» Problem details: The data below contains pictures, which are to be skipped; the lines starting at the line with "Pinch Pleats Design:Each" and ending at the line with "Altura: 8,5 cm" are to be output exactly, both ends included.
──────── Supplied material ────────
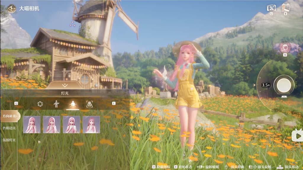 拍照系统可进行滤镜、光影、补光、光圈调节、隐藏暖暖等操作,动作有静态、动态等
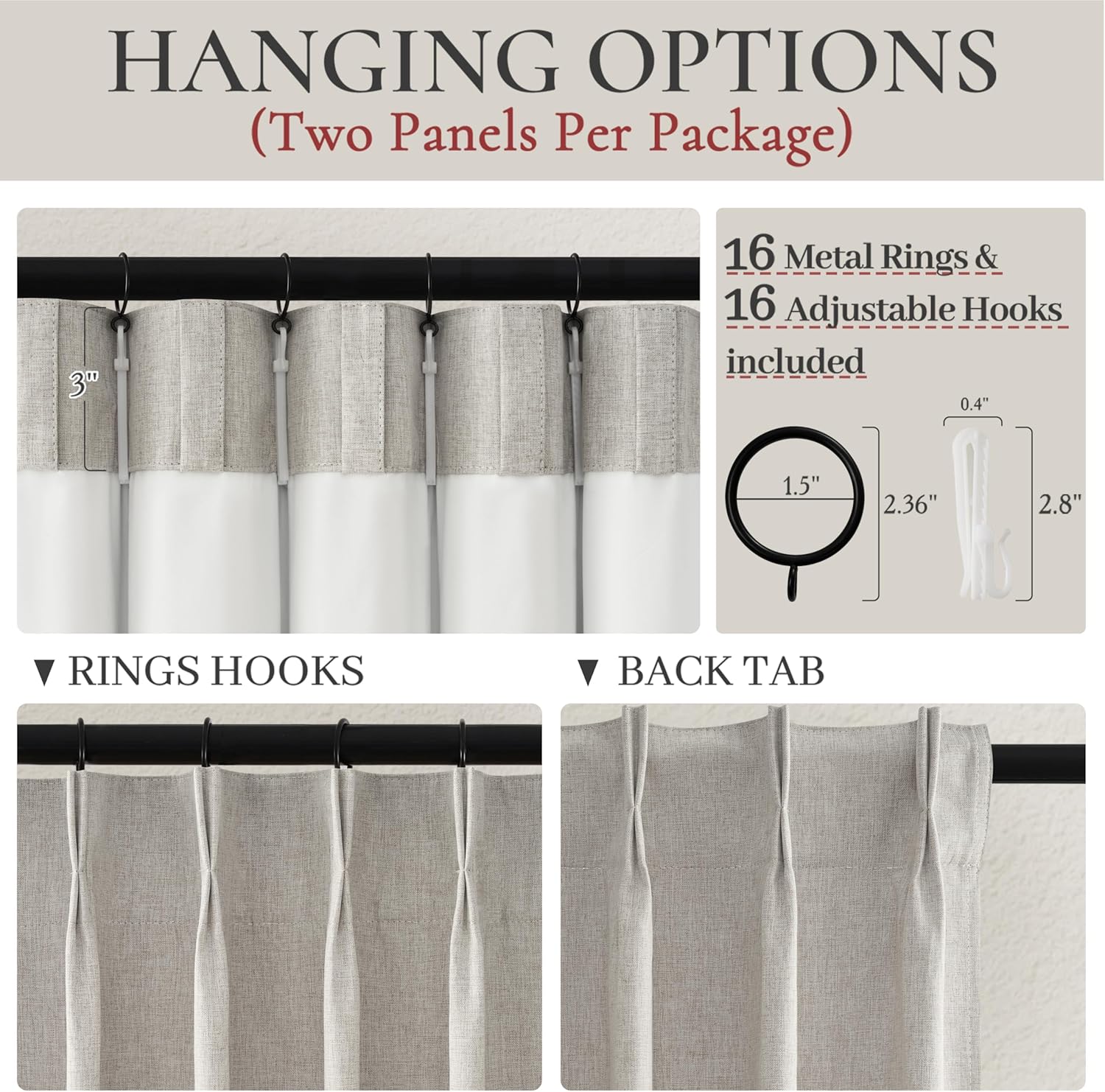 • Pinch Pleats Design:Each panel has 7 pleats.linen draperies are crafted from blended fabric(30%linen,70%polyester),drapes well and not easy-wrinkle.Suitable for various styles:modern,farmhouse,boho,neutral,bedroom,living room,nursery,sliding door,etc.
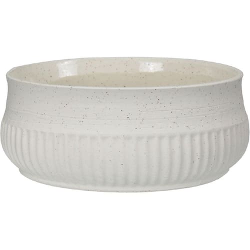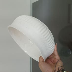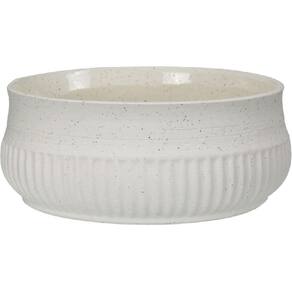 Altura: 8,5 cm Largura: 20,5 cm Profundidade: 20,5 cm Peso: 1,19 Kg Diâmetro da Base: 18,5 cm Diâmetro do Corpo: 20,5 cm Diâmetro do Topo: 20,5 cm Material: Ceramica Cor: MARFIM
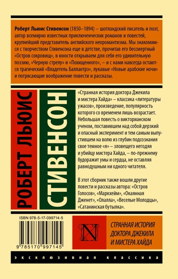 "The Strange Story of Dr. Jekyll and Mr. Hyde" - a classic of "horror literature", a work whose popularity over time only increases. A short story about a Victorian scientist who put a daring and dangerous experiment on himself and thereby let loose from the depths of subconsciousness of his dark self - a sinister villain and murderer Mr. Hyde - still excites minds and hearts, leaving no reader indifferent.
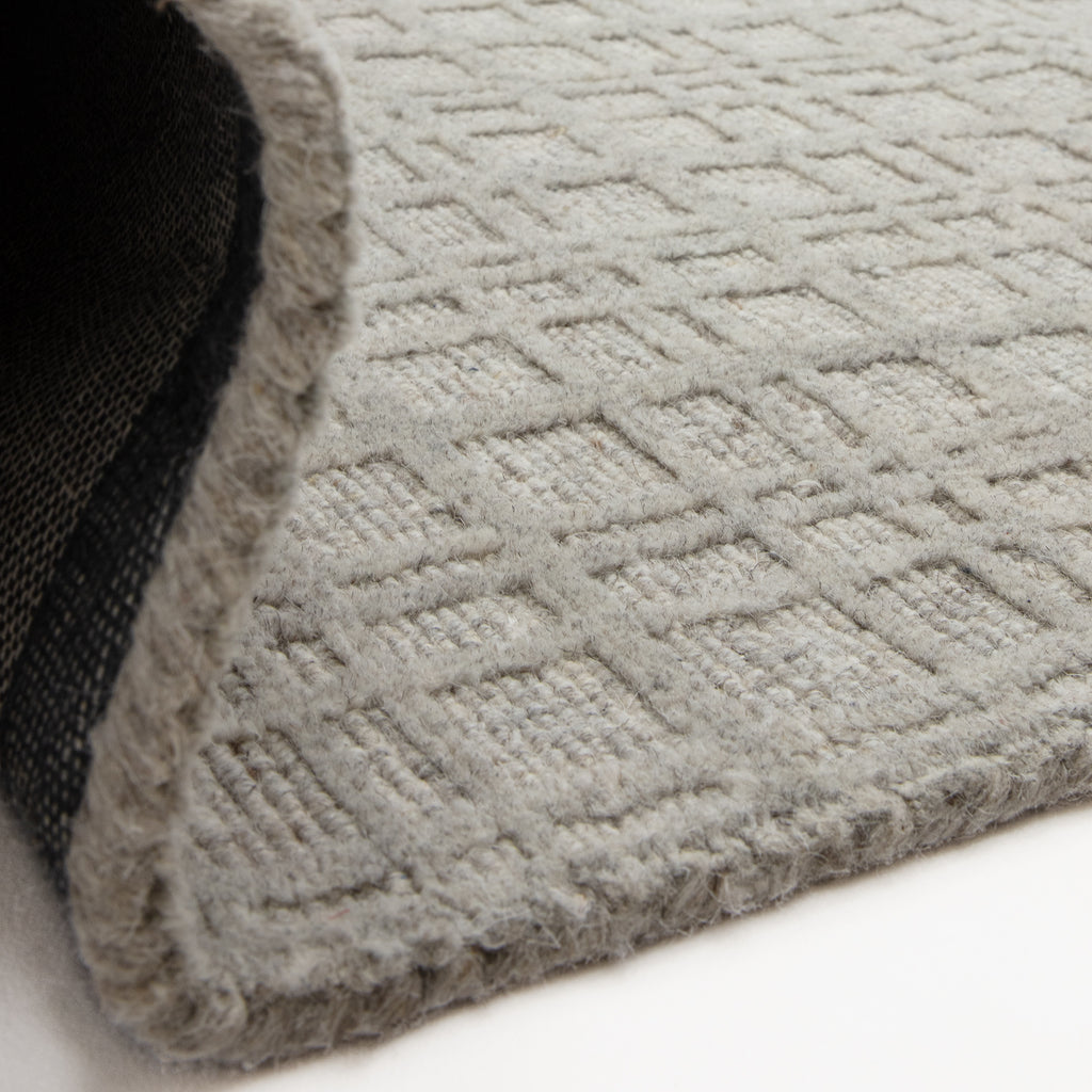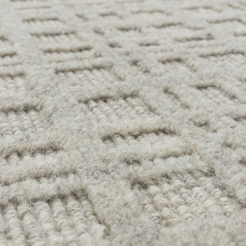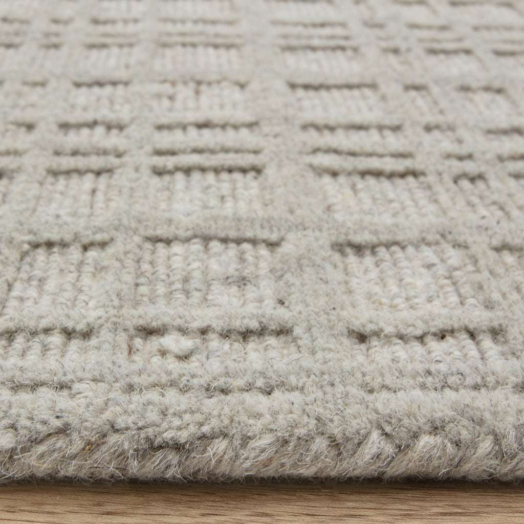Thatch is woven by hand from undyed wool , accentuated with a low loop base and high cut pile that forms a multi-dimensional grid. -  72% wool 28% polyester - 5mm pile height
────────
» Written answer:
 • Pinch Pleats Design:Each panel has 7 pleats.linen draperies are crafted from blended fabric(30%linen,70%polyester),drapes well and not easy-wrinkle.Suitable for various styles:modern,farmhouse,boho,neutral,bedroom,living room,nursery,sliding door,etc.
 Altura: 8,5 cm Largura: 20,5 cm Profundidade: 20,5 cm Peso: 1,19 Kg Diâmetro da Base: 18,5 cm Diâmetro do Corpo: 20,5 cm Diâmetro do Topo: 20,5 cm Material: Ceramica Cor: MARFIM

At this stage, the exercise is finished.